Batch Processing AI Workloads on OCI Core Instances

Question

Pulumi · Accepted Answer

To accomplish batch processing of AI workloads on Oracle Cloud Infrastructure (OCI), we require a setup that can scale to handle varying compute and storage demands. The workflow often includes setting up cloud instances customized with necessary hardware (like GPUs for machine learning), software environments, and the ability to process massive datasets efficiently.

In this scenario, we'll develop a Pulumi program that provisions OCI core instances tailored for AI workloads. The key components for this setup include:

1. **Compute Instances (oci.Core.Instance):** These are the virtual machines where your AI workloads will run. You can select an appropriate shape (type and quantity of CPUs, memory, and GPUs) based on the requirements of your workloads. For batch processing, you may need powerful instances with GPUs.

2. **Instance Pool (oci.Core.InstancePool):** This manages a pool of identical instances, which allows you to maintain a consistent configuration across them and enables autoscaling according to the workload demands.

3. **Instance Configuration (oci.Core.InstanceConfiguration):** This is a template that describes the setup of instances you want in your pool. It includes the instance shape, attached block volumes, networking setup, and more.

4. **Block Volumes (oci.Core.Volume):** For AI workloads, you'll likely need extra storage for datasets and models, which can be attached to instances as block volumes.

5. **Networking (oci.Core.Vcn and oci.Core.Subnet):** You need a virtual cloud network (VCN) and subnets to provide network infrastructure for your instances.
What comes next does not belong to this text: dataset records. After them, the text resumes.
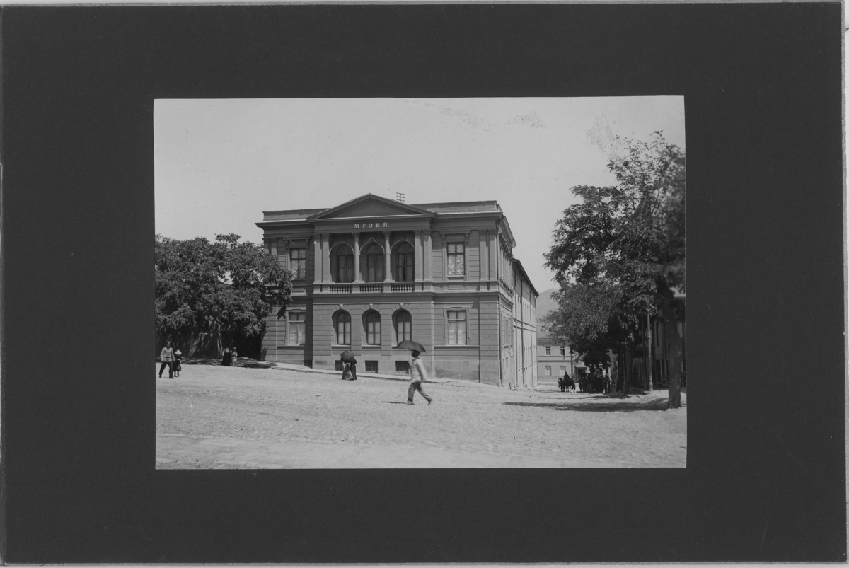 'Vy med stor byggnad och pgående människor framför. :: :: Se serie med fotonr. 5272:1-18. Serie fotonr 5269-5292, Stuxbergs resa till Kaukasien, 1897.'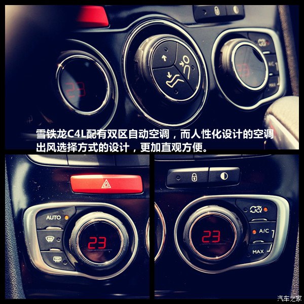 雪铁龙C4L配有双区自动空调,而人性化设计的空调出风选择方式的设计,更加直观方便。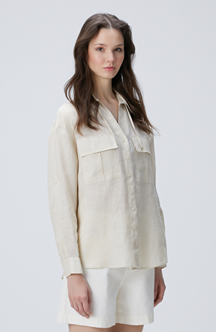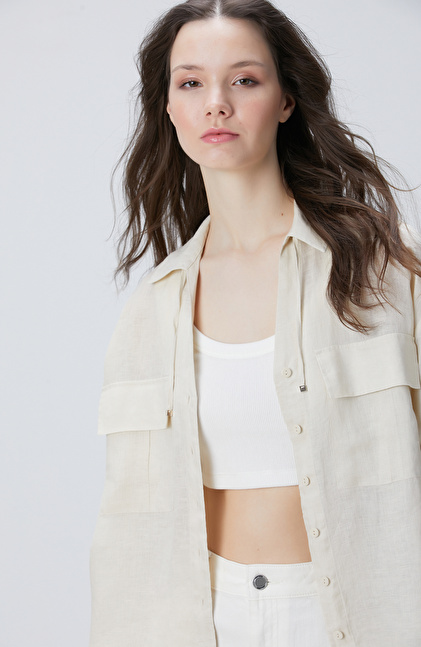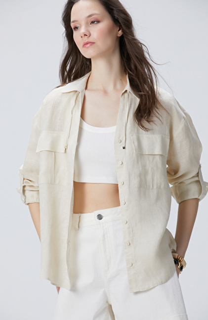 Bej Keten Gömlek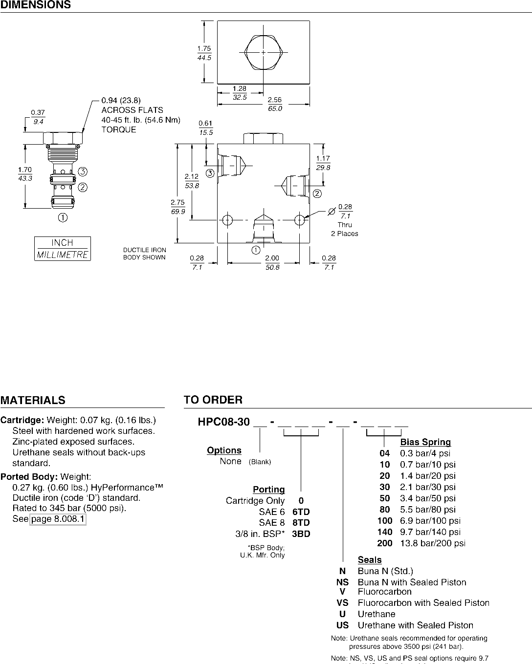 Seal Kit: SK08-3X-TM for Buna N seals; SK08-3V-TM for viton seals; SK08-3U-00 for urethane seals; see page 8.650.1

In the Pulumi program example below, we'll create a simple compute instance configured for AI. If your application requires it, you would adjust this to create an instance pool using an InstanceConfiguration as a template. For simplicity, we're creating a single instance in a given availability domain and subnet. Please replace placeholder values with your actual OCI compartment, network, and machine image specifics.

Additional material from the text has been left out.